All of the entries below should be printed exactly; the pictures are to be left out.

╭─ DATA FOR THIS EXERCISE

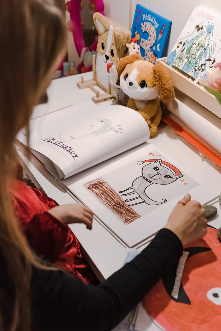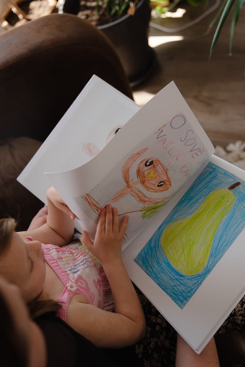 Najednou bylo doma plno barevných čmáranců, otisků ručiček, prvních pokusů o domečky, sluníčka a duhy, a hlavně spousta lásky, smíchu a dojetí.
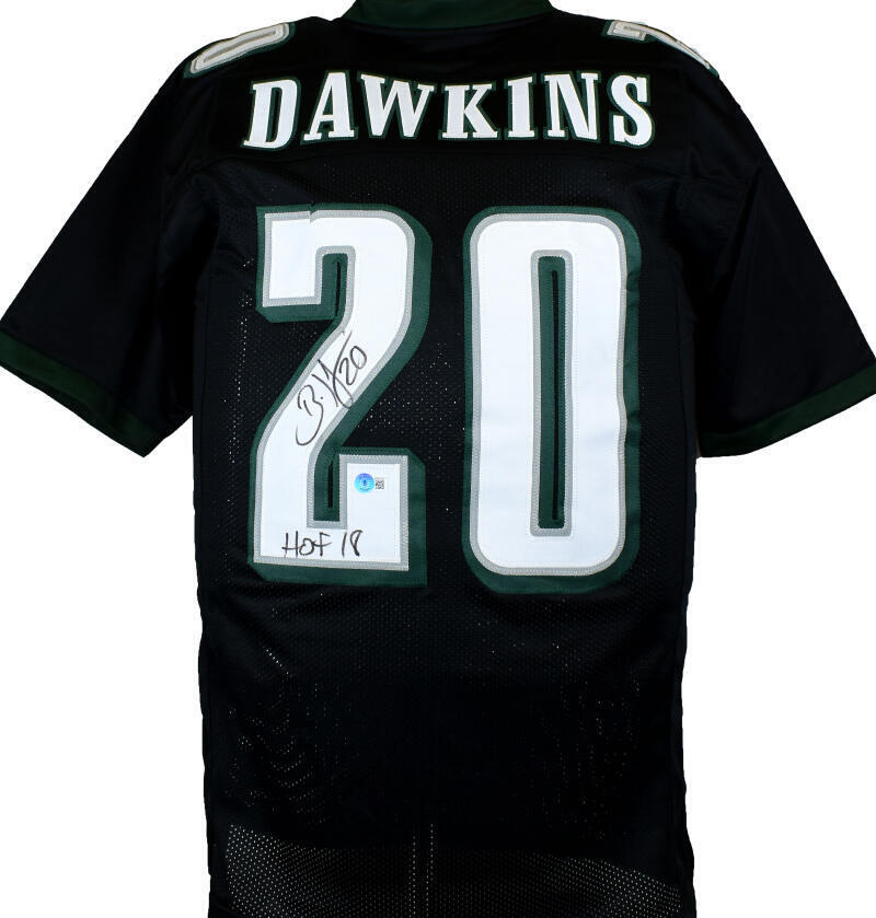 Brian Dawkins Autographed Black Pro Style Jersey w/HOF- Beckett W Hologram *Black THIS IS NOT AN NFL JERSEY. THIS HAS NO TAGS, NO LOGOS, NO EMBLEMS. This is a hand autographed Jersey of Brian Dawkins. This is Custom Made (non name brand) Authentic Style (stitched letters and numbers). Inscribed HOF. This item has a Beckett Witnessed Protection Authentication, which comes with a numbered sticker hologram and a QR code for verification. You can view this item on the Beckett website. It was signed either at a public autograph appearance or a private signing. This is a stock photo of the item. Although you may not receive this exact item, the item you receive is virtually identical and brand new in great shape. Jersey size is XL.
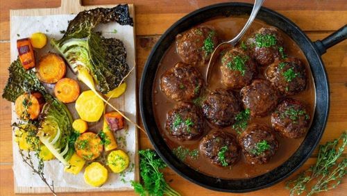 Riven ost i färsen ger köttbullarna extra djup i smaken och en fin sälta. Lands Katarina Ekeströms härliga recept är en riktig höjdare!
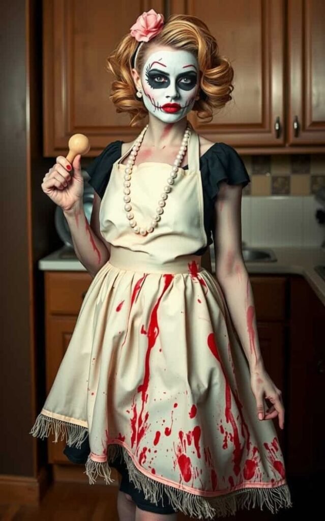 Wear a chef’s coat, hat, and apron—then distress with red splatter, fake cuts, and a cleaver or spatula prop. Black out a tooth, mess up your hair, and give your dishes a scary twist like “Brain Stew” or “Finger Fries.”
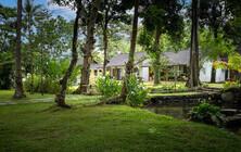 Die Anlage liegt direkt am Meer in einem großen tropischen Garten mit vielen alten Bäumen und einem dunklen Kiesel- und Sandstrand.
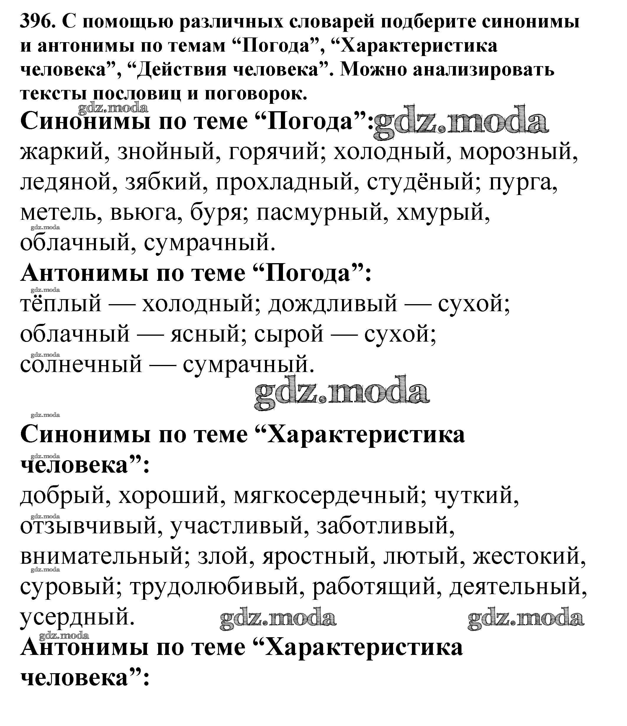 ГДЗ решение к заданию № 396 Русский язык 5 класс Ладыженская Т.А. Просвещение, Просвещение 2016, 2019 Часть 1, Часть 2 ФГОС бесплатно на гдз.мода!
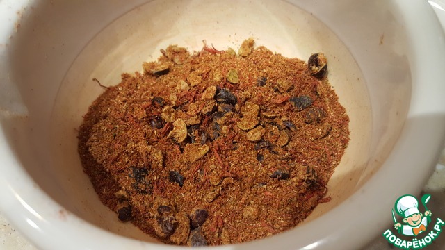 Смешать в ступке специи. Раздавить ягоды можжевельника.
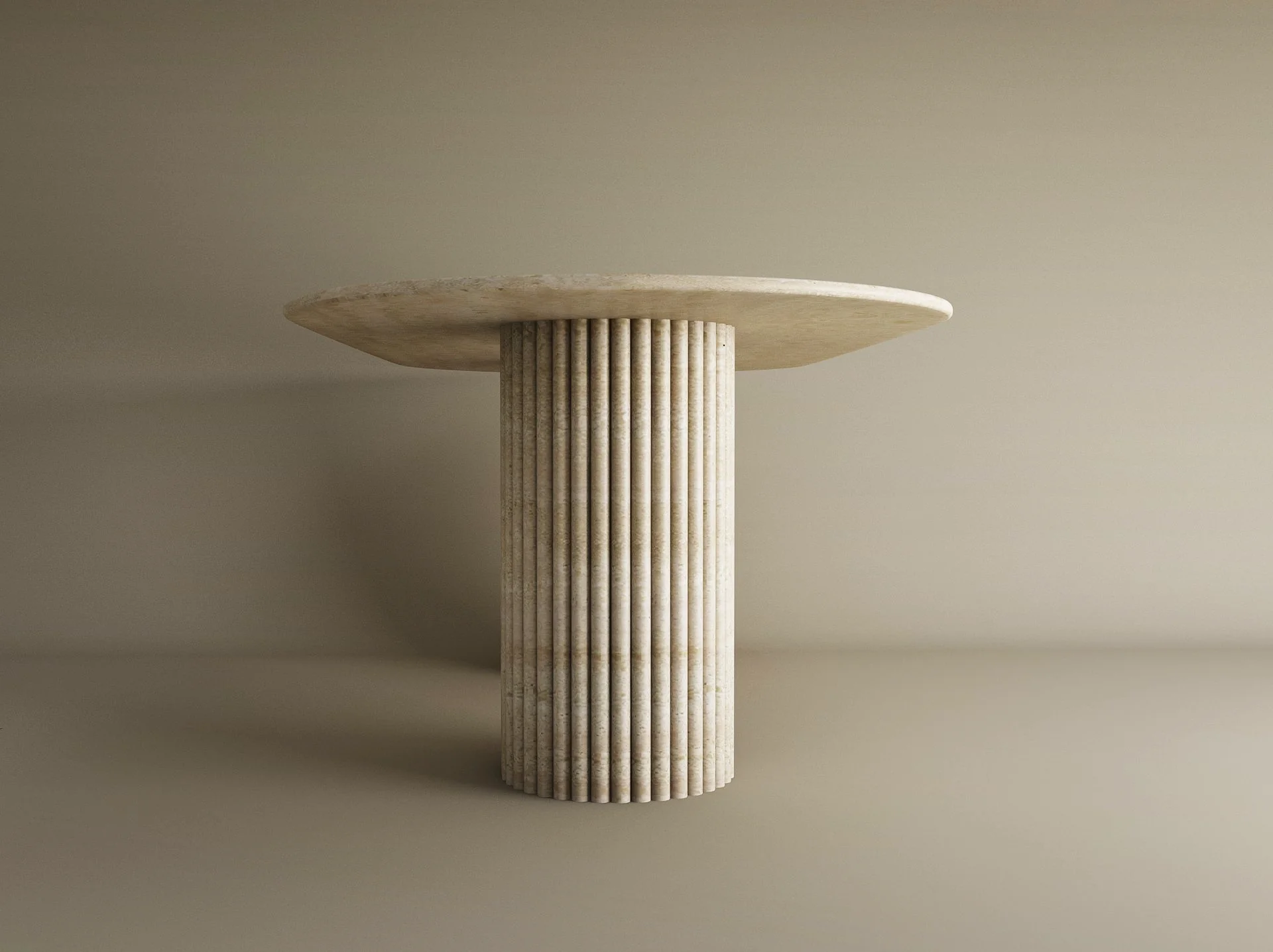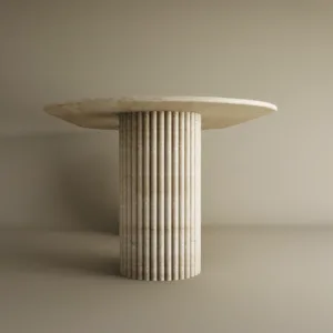 • Materiality: Crafted from solid travertine, known for its timeless durability and distinctive, porous character that ensures no two pieces are identical.
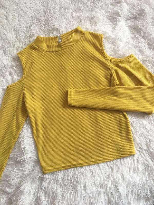 Гольф-топ в рубчик, с открытыми плечами желтого цвета; сзади на шее застёгивается на две пуговки. Бренд boohoo Размер - S-M Длина от горла - 46 см Длина рукава - 58 см ПОГ - 42 см (тянется) ПОТ - 38 см Мои параметры: Рост - 164 см ОГ - 94 см ОТ - 66 см ОБ - 96 см
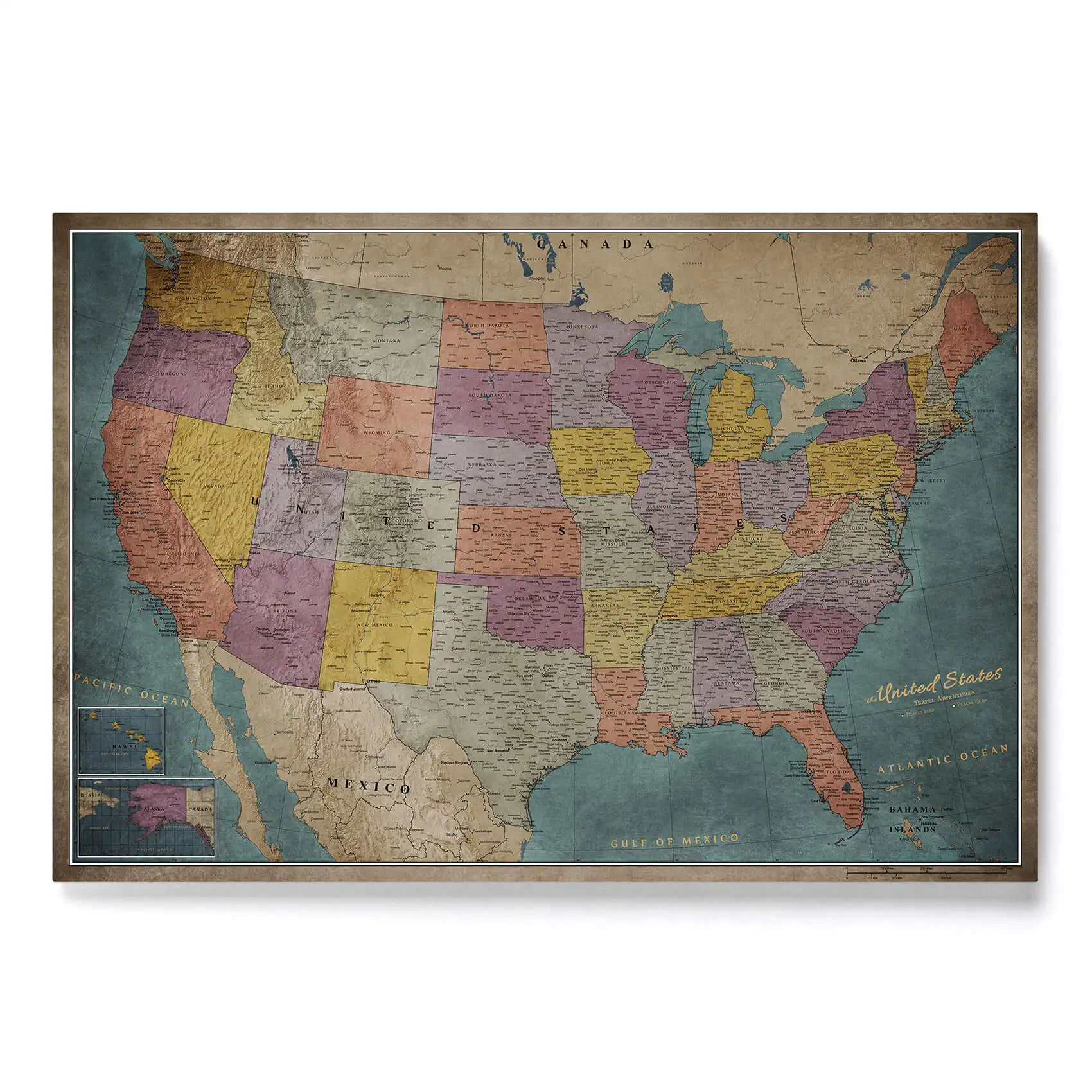 USA Rubbelkarte 58,4x40,6cm - Reisekarte Zum Abkratzen Der Besuchten Staaten
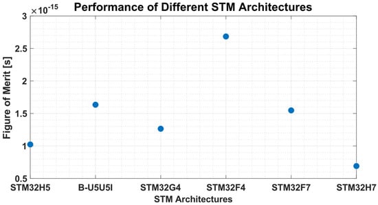 In this regard, the selected microcontroller belongs to the F4 series, and it was chosen from several 32-bit microcontrollers across different ARM architectures, including M4, M7, and M33. Specifically, the F7, H7, H5, U5, G4, and F4 were benchmarked using the ST Edge AI Developer Cloud (2.0.0) [] tool. These microcontrollers were ranked based on a figure of merit (FOM), as described by Equation (1), which summarizes the trade-off between power dissipation and inference time (ti). While a microcontroller with a higher clock frequency is expected to produce results with lower latency (ti ∝ fclk), it is also expected to have higher energy consumption (power dissipation ∝ fclk2).
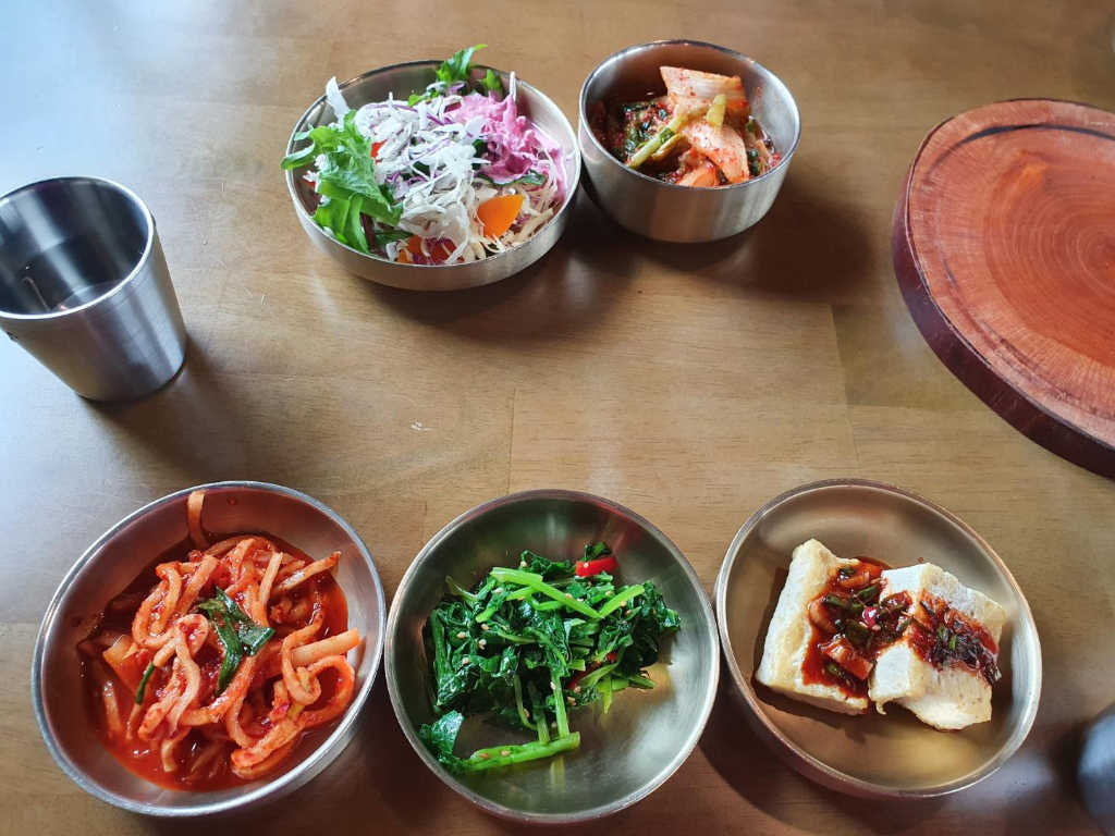샐러드, 나물, 김치, 두부조림, 무우채 가 기본 반찬으로 깔끔하게 나왔어요.
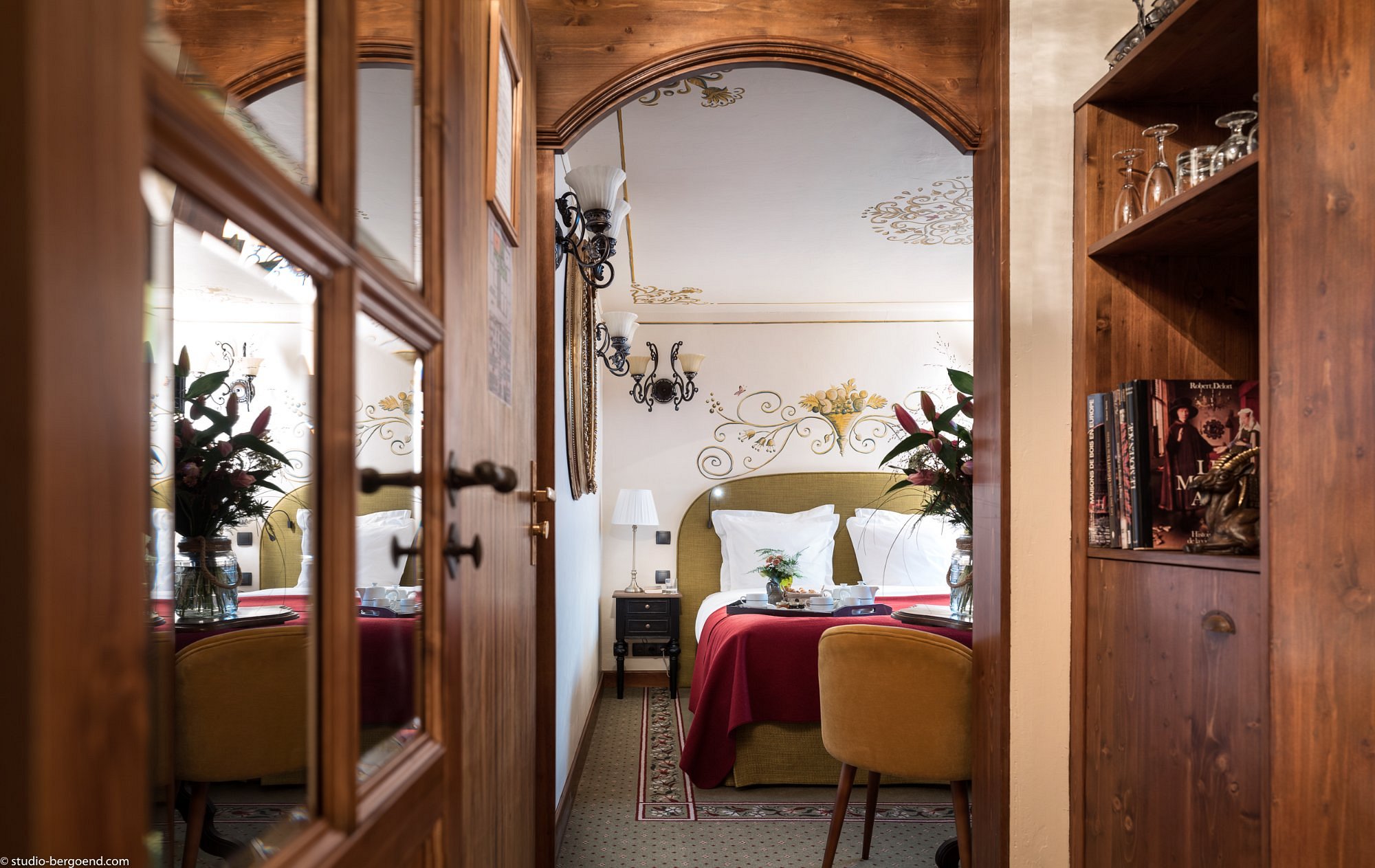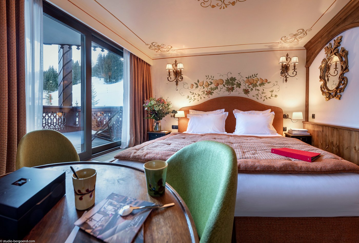 Симпатичный двухместный номер площадью 18 кв.м., оформленный на стыке стилей классицизма и альпийского шале. Укомплектован большой двуспальной или двумя односпальными кроватями, небольшой зоной отдыха с креслами и столиком. В санузле — ванна либо душ. Номера этого типа есть как с балконом, так и нет.
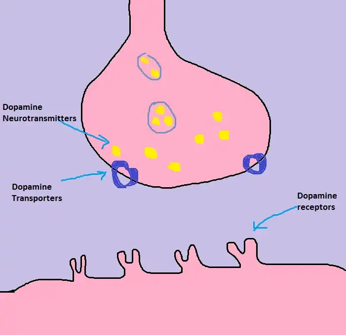 1) Dopamine is taken out of the synaptic cleft by the dopamine transporting molecules after dopamine is done with its job.

╰─

WRITTEN RESPONSE:
 Najednou bylo doma plno barevných čmáranců, otisků ručiček, prvních pokusů o domečky, sluníčka a duhy, a hlavně spousta lásky, smíchu a dojetí.
 Brian Dawkins Autographed Black Pro Style Jersey w/HOF- Beckett W Hologram *Black THIS IS NOT AN NFL JERSEY. THIS HAS NO TAGS, NO LOGOS, NO EMBLEMS. This is a hand autographed Jersey of Brian Dawkins. This is Custom Made (non name brand) Authentic Style (stitched letters and numbers). Inscribed HOF. This item has a Beckett Witnessed Protection Authentication, which comes with a numbered sticker hologram and a QR code for verification. You can view this item on the Beckett website. It was signed either at a public autograph appearance or a private signing. This is a stock photo of the item. Although you may not receive this exact item, the item you receive is virtually identical and brand new in great shape. Jersey size is XL.
 Riven ost i färsen ger köttbullarna extra djup i smaken och en fin sälta. Lands Katarina Ekeströms härliga recept är en riktig höjdare!
 Wear a chef’s coat, hat, and apron—then distress with red splatter, fake cuts, and a cleaver or spatula prop. Black out a tooth, mess up your hair, and give your dishes a scary twist like “Brain Stew” or “Finger Fries.”
 Die Anlage liegt direkt am Meer in einem großen tropischen Garten mit vielen alten Bäumen und einem dunklen Kiesel- und Sandstrand.
 ГДЗ решение к заданию № 396 Русский язык 5 класс Ладыженская Т.А. Просвещение, Просвещение 2016, 2019 Часть 1, Часть 2 ФГОС бесплатно на гдз.мода!
 Смешать в ступке специи. Раздавить ягоды можжевельника.
 • Materiality: Crafted from solid travertine, known for its timeless durability and distinctive, porous character that ensures no two pieces are identical.
 Гольф-топ в рубчик, с открытыми плечами желтого цвета; сзади на шее застёгивается на две пуговки. Бренд boohoo Размер - S-M Длина от горла - 46 см Длина рукава - 58 см ПОГ - 42 см (тянется) ПОТ - 38 см Мои параметры: Рост - 164 см ОГ - 94 см ОТ - 66 см ОБ - 96 см
 USA Rubbelkarte 58,4x40,6cm - Reisekarte Zum Abkratzen Der Besuchten Staaten
 In this regard, the selected microcontroller belongs to the F4 series, and it was chosen from several 32-bit microcontrollers across different ARM architectures, including M4, M7, and M33. Specifically, the F7, H7, H5, U5, G4, and F4 were benchmarked using the ST Edge AI Developer Cloud (2.0.0) [] tool. These microcontrollers were ranked based on a figure of merit (FOM), as described by Equation (1), which summarizes the trade-off between power dissipation and inference time (ti). While a microcontroller with a higher clock frequency is expected to produce results with lower latency (ti ∝ fclk), it is also expected to have higher energy consumption (power dissipation ∝ fclk2).
샐러드, 나물, 김치, 두부조림, 무우채 가 기본 반찬으로 깔끔하게 나왔어요.
 Симпатичный двухместный номер площадью 18 кв.м., оформленный на стыке стилей классицизма и альпийского шале. Укомплектован большой двуспальной или двумя односпальными кроватями, небольшой зоной отдыха с креслами и столиком. В санузле — ванна либо душ. Номера этого типа есть как с балконом, так и нет.
 1) Dopamine is taken out of the synaptic cleft by the dopamine transporting molecules after dopamine is done with its job.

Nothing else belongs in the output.